According to the study by Lai et al. comparing classic and modified Morrow procedures, both the classic procedure and the modified procedure can reduce LVOT obstruction and relieve symptoms in patients with HOCM[9]. In addition, the modified Morrow septal myectomy was superior to the classic procedure in reducing the LVOT gradient with a lower incidence of MVR. According to the study of Song et al., modified Morrow septal myectomy is a safe and effective method of treating patients with HOCM and is superior to the conventional procedure in reducing the LVOT gradient and rate, restoring the normal anatomical atrioventricular size, and alleviating HOCM-related symptoms[10]. Similarly, in our study, the postoperative LVOT gradient decreased significantly compared to the preoperative LVOT gradient in both classic and modified Morrow procedures. In addition, the gradients at the 3rd and 12th postoperative months were also found to be significantly lower than the preoperative LVOT gradient and decreased over time. Although the preoperative and postoperative LVOT gradients were statistically similar for both procedures, the LVOT gradient of the modified Morrow group was higher than that of the classic Morrow group, while the postoperative gradients were lower than the preoperative gradient. The difference between preoperative and postoperative gradient reduction was significantly higher in the modified group than in the classic group. These results may indicate that the modified Morrow group is more effective than the classic group in reducing the LVOT gradient. In addition, IVS thickness, LAD, and posterior wall thickness decreased in the postoperative period compared to the preoperative period in both groups, and there was no significant difference between the groups. No severe MR was detected in the postoperative period in either group, and there was no significant difference between the groups, while the moderate MR decreased significantly. Accordingly, both procedures can be considered for the treatment of HOCM.
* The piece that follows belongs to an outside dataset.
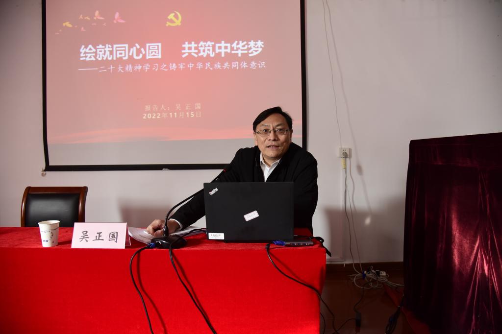 吴正国首先领学了党的二十大精神概览,他从大会的意义与主题、报告的主要内容、过去五年工作、十年三件大事、中国式现代化的中国特色、中国式现代化的本质要求、总的战略安排等方面作了阐释。接下来吴正国解读了铸牢中华民族共同体意识,对中华民族共同体意识理论提出、基本内涵、促进各民族深度交往交流交融作了分析和解释。最后他就边疆治理与党的治藏方略作了分享。吴校长的讲座内容生动,观点精准到位,他结合个人三年的援藏经历,用具体的案例和数据,以及个人的体验感受,让我们深刻的感受到党坚持把马克思主义关于边疆治理的科学理论和马克思主义民族理论与具体实际相结合,不断促进各民族的平等团结和繁荣发展,始终同人民同呼吸、共命运、心连心,不断巩固全国各族人民大团结,形成同心共圆中国梦的强大合力。
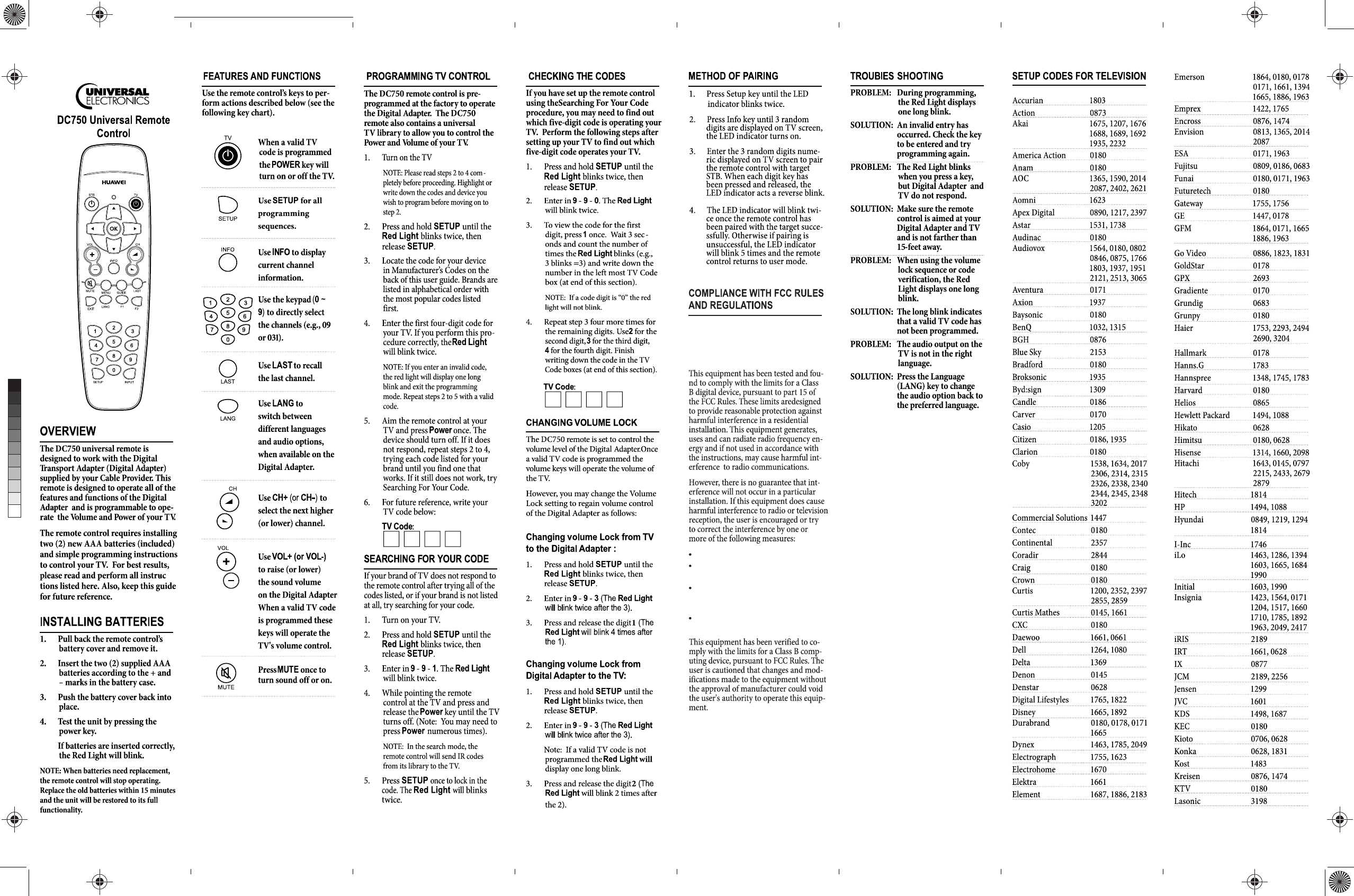 Universal Electronics 2119 Remote controller unit User Manual 1

Mitral valve management is also important in HOCM surgery. Structural anomalies in the mitral valve, elongated leaflet, abnormally located papillary muscles, and chordae in the anterior leaflet can be seen in HOCM patients, and these anomalies may cause residual obstruction and SAM in the postoperative period if they are not managed properly during surgery[11]. When there are abnormal chordae tendineae adhered to the left ventricular free wall, IVS, or papillary muscle fusion intraoperatively, these should be removed[12]. Wider resection with the modified Morrow procedure may be a more effective solution to the problem of papillary muscle fusion, and patients may have better postoperative clinical outcomes[13]. In the study by Lai et al., no significant difference was found in the classic and modified Morrow groups in terms of mitral valvuloplasty, but the MVR rate was found to be lower in the modified group[9]. In our study, although the MVR rates were similar in both groups, interventions for the mitral valve were more frequent in the classic Morrow group than in the modified Morrow group, although it was not statistically significant. Since our patients in the modified group did not have MRA and only had MVR, there may not be a significant difference between the results. However, we think that this difference will be more pronounced in future studies with a higher number of patients because insufficient myectomy and some structural abnormalities in the mitral valve may cause a higher rate of intervention to the mitral valve in the classic group. In addition, MVR is important in terms of eliminating SAM symptoms.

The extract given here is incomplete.